December 10, 2011 at 1:00 pm #155norafemMemberWell, Donna, looks like you are finding your way managing a risky situations, where mostly you are in the losing end…How hurtful can it be when you discover that your distress is what your partner is trying to produce? I can’t accept that attitude because it goes again the marriage deal: I’ll support you and you will support me.
On the other hand, sometimes I reflect that so many children got a lousy childhood that they carry serious wounds with them; getting to grow up, they have to marry someone and I bet that then, the hope of healing those wounds reappear. And is acted against the other side, who can be thinking that is dealing “only” with another grown up….We should tell people in the verge of marriage to disclose pathological wounds from their childhood, list the needs that got unsolved or worst, ridiculed and denied, and prepare a plan to clean that baggage before seriously dealing with the present relationship.
Oh, well, I’m always imagining better solutions…December 10, 2011 at 4:04 pm #159AnonymousInactiveI so agree, its a shame that its not until you get into these relationships that you learn about these personnality disorders. If the person is in denial though they arnt going to disclose any thing. I told my partner about the issues I have and have worked on/continue to work on and all that did was gave him some thing to be able to blame for what goes on with us. I say study the family dynamics before you get to deep into the relationship and understand what your seeing because there is a lot to be learned about your partner from how he relates to his mother/father. A relationship school would be great to go to after high school, then you could learn about future partners/bossess/co workers etc.
December 11, 2011 at 8:38 am #160AnonymousInactiveVery nice teaching. It works for me for a little bit. He talks to me a bit, then gets sarcastic and cuts communication. He encloses himself in the off. room the whole day and comes out when needs something or to “give me orders”. He is a little nicer when needs sex, or when he feels I am leaving for good. I feel trapped.
I am planning to leave him again, but if he gets a bit nice I stay, I know it is bad .December 12, 2011 at 10:03 am #168norafemMemberHi, I’m reading your post and what comes through is your deep need for a bit of recognition from him…he knows that, by being only a bit “nicer” you get hooked and yield to his needs.
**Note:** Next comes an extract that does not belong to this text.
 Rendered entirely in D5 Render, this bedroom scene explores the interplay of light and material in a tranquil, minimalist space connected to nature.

Works like putting a carrot in front of a starved beast….
Here is where you feel trapped, not so much by his enticement, but by the strong pull of your needs.
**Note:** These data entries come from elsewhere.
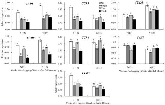 After bagging for seven to nine weeks, the relative expression of the C4H1 gene in the peels of two-layer bagged fruits increased while those in the peels from other groups decreased. Thus, no specific trend was noted for the different bagged groups.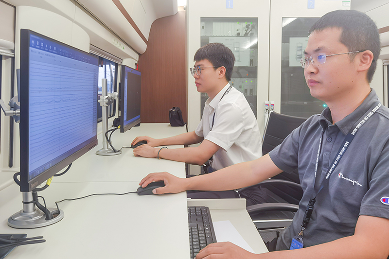 他们使用的印尼版“黄医生”,以时速350公里CR400AF复兴号中国标准动车组技术平台为基础,是铁科人通过十多年积累的联调联试以及日常巡检的成功运用经验,采用国内先进成熟可靠的检测系统技术方案,根据印尼气候环境、地理环境、线路条件、人文特征等方面进行适应性分析,按照检测需求进行平面布局调整和检测接口设计。其中,铁科人自主开发的全国产化“轮轨力动力学检测系统”和“接触式接触网检测系统”首次应用于雅万高铁综合检测列车。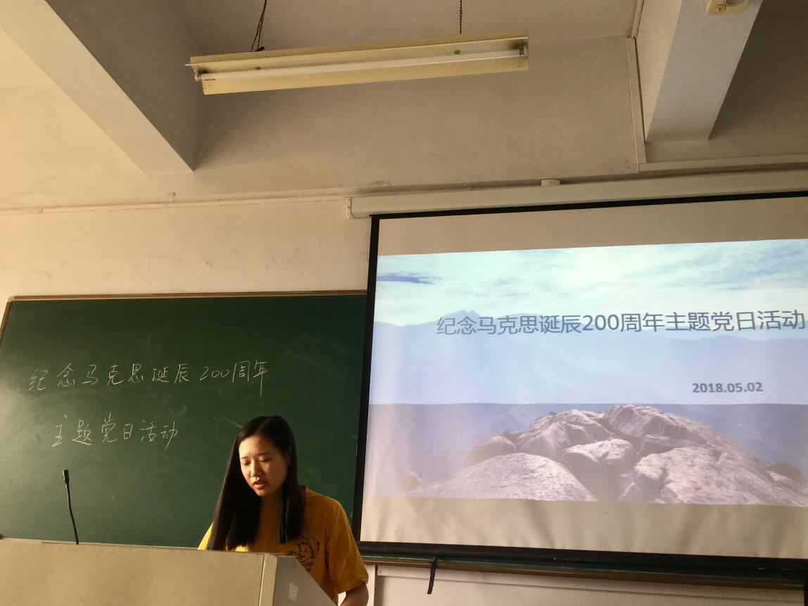 5月2日,积极分子培训班第四小组在2-514开展了马克思诞辰200周年主题党日活动。本次活动分为五个模块,分别是马克思生平介绍、马克思主义介绍、马克思著作介绍、马克思及马克思主义基础知识小问答。通过学习,大家认为,马克思主义是关于全世界无产阶级和全人类彻底解放的学说,同时它也是中国共产党和社会主义事业的指导思想,我们应该在对其进行学习运用的基础上结合自身特色进行继承和发展。通过知识小问答,不仅增加了党日活动的趣味性、参与度,也提高了同学们对关于马克思及马克思主义基础知识的掌握程度。

What if we could determine that his “carrot” is not enough for you? that he is only giving you a little bit of what you are entitled to? perhaps it could change your perception and then, you could say to yourself:
“I deserve much more than this carrot, so I will not accept it, because I know that this carrot is the only piece of attention he will give me….accepting it will leave me more starved afterwards, so by refusing this bit now, I’m telling myself I need to search and find the whole appreciation that would make me happy”
What are your other sources of appreciation? have you read the paper on his/her needs already?
Please, do this reading, write your conclusions, and post here back, will you?